La tigresse amie

 

 

Une tigresse qui désirait prendre un peu de repos au bord d'une rivière, fit une découverte étrange. Elle avait déjà vu des porcs-épics, mais celui-ci lui semblait fort petit, et ses aiguilles démesurément grandes en comparaison.

 

Du bout du nez, prenant bien garde de ne pas se blesser, elle le sentit. S'aventura ensuite à le pousser de sa lourde patte, elle se piqua un peu dans un premier temps, mais sa curiosité l'emportant, elle se prit à lui demander : « Mais qui est-tu donc ? », dans cette question, elle avait sans doute soufflé un peu trop. De l'endroit où elle avait envoyé promener la chose, une toute petite voix s'éleva : « Je suis l'oursin, je me suis égaré très loin de ma mer natale ! ».

 

-         Je me sens seul, mais fait attention je pique. Lui dit-il d'un air amusé, oseras tu régulièrement me parler ?

-         Si tu veux, mais fait très attention, je pourrais te manger.

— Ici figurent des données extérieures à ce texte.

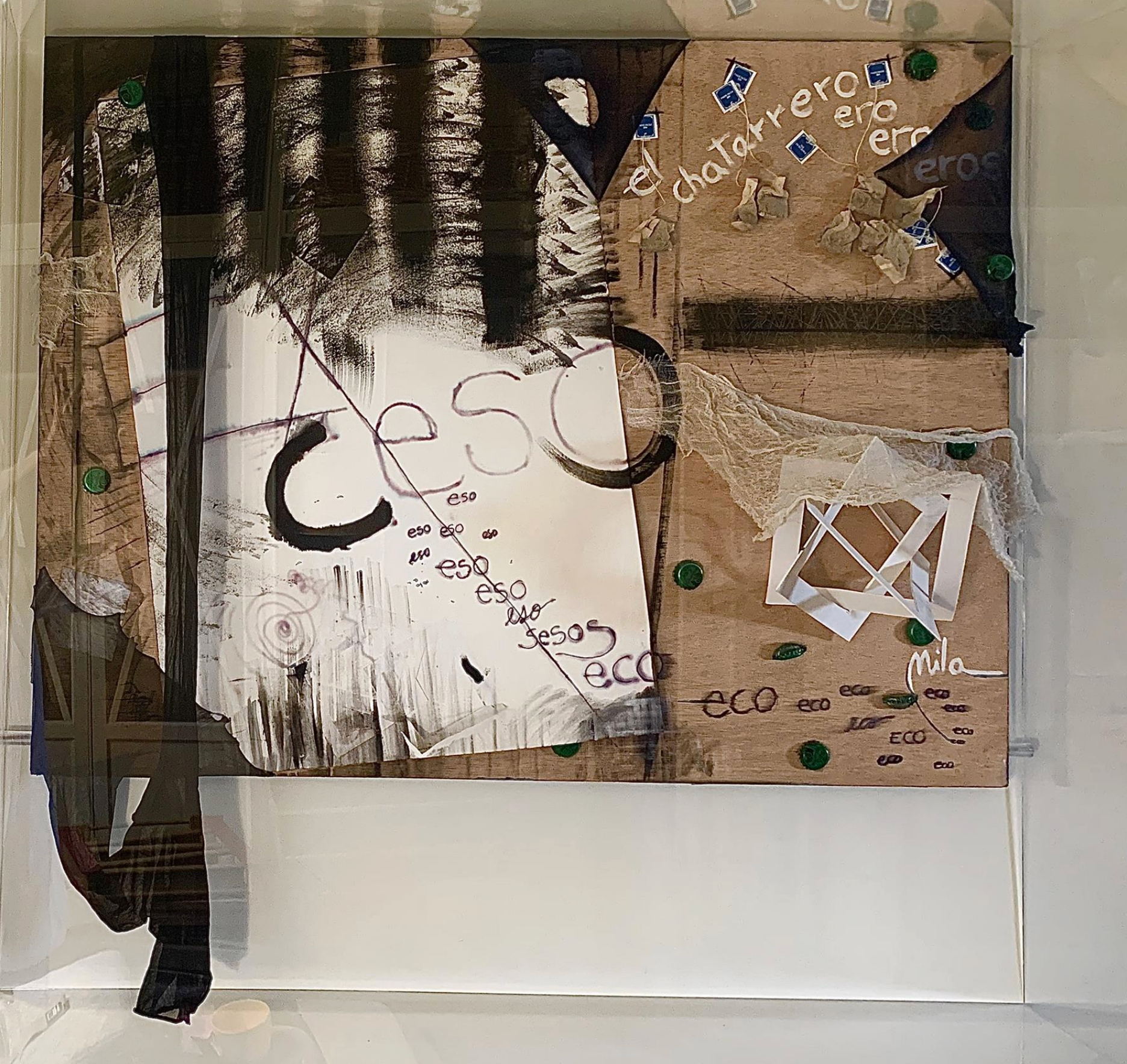 Técnica mixta: papel, tinta, medias de mujer, chapas de cerveza, bolsas de té usadas, gasa y cartulina

-         Aucune crainte, je suis insipide.

 

La tigresse n'en croyait rien et se dit : « Je pourrais sûrement m'en faire un ami ». Une abeille volant par là lui dit en passant « fais très attention à toi, tu pourrais t'en sortir meurtrie, une plaie pourrait s'infecter et t'emporter. Moi j'ai déjà vu quelqu'un goûter à cet animal et crois-moi, la forteresse qui l'entoure ne protège vraiment rien qu'on puisse butiner » ?

 

Elle revint tous les soirs, délaissant du fait sa famille. Certes elle s'en fit un ami, mais à quel prix ?

 

-         Veux-tu me gratter aujourd'hui ? Lui dit-il d'un air malheureux, j'avais demandé à la sauterelle, mais la méchante m'a laissé tomber, elle ne veut plus entendre parler de moi, juste parce qu'elle s'est un peu piquée, toi tu es tellement plus gentille et plus forte aussi, même si tu souffres, tu ne m'en tiens jamais rigueur, car tu sais que tu es ma seule compagnie.

 

C'était vrai, elle ne pouvait le laisser dans l'embarras, elle se piqua, le gratta. Et il lui dit :

 

« A demain ? N'oublies jamais que c'est toi qui veux me tenir compagnie, je ne t'oblige à rien surtout ! »

 

Rentrant chez elle, sa patte fort douloureuse, elle ne souffla mot à personne, laissa Monsieur Tigre chasser à sa place, se laissa nourrir et alla se coucher, ne fit rien dans l'attente du rendez-vous du soir. Elle savait qu'elle allait en souffrir, déguster, se disant qu'elle ne mangerait sans doute jamais l'oursin. Tant pis ! Savoir à quel point il devait protéger sa substance essentielle lui suffisait amplement, elle allait devenir son alliée, n'y trouvant que très peu de plaisir, mais sa loyauté l'obligeait à partager ses soirées.

 

Quand un jour, sa vieille amie la guenon lui souffla « Mais que fais-tu avec lui ? N'as-tu donc pas remarqué qu'il na rien à protéger ? Il a emprunté ses aiguilles au porc-épic défunt. Il se nourrit de ta souffrance, il n'a aucune originalité et te vide de ton énergie, il t'éloigne de ceux qui t'aiment vraiment. Ma pauvre amie, tu vas tout perdre à te lier à ce perfide animal. De plus je connais quelqu'un qui a déjà goûté ses frères, juste une crème nauséabonde salée à vomir, une bouchée et tu auras fini, regrettant déjà d'avoir cherché à l'ouvrir.

 

Au bout de maintes déconvenues et après quelques années d'errance, de questionnements, la tigresse avec un énorme soupir voyant au loin sa famille espérer son retour, décida d'enfin guérir de cette amitié morbide, d'un pas nonchalant elle reprit son chemin et se promit d'un dernier regard vers la chose hideuse, qu'elle n'y reviendrait jamais, tout en plaignant de tout son cœur la prochaine créature qui se laisserait prendre au piège.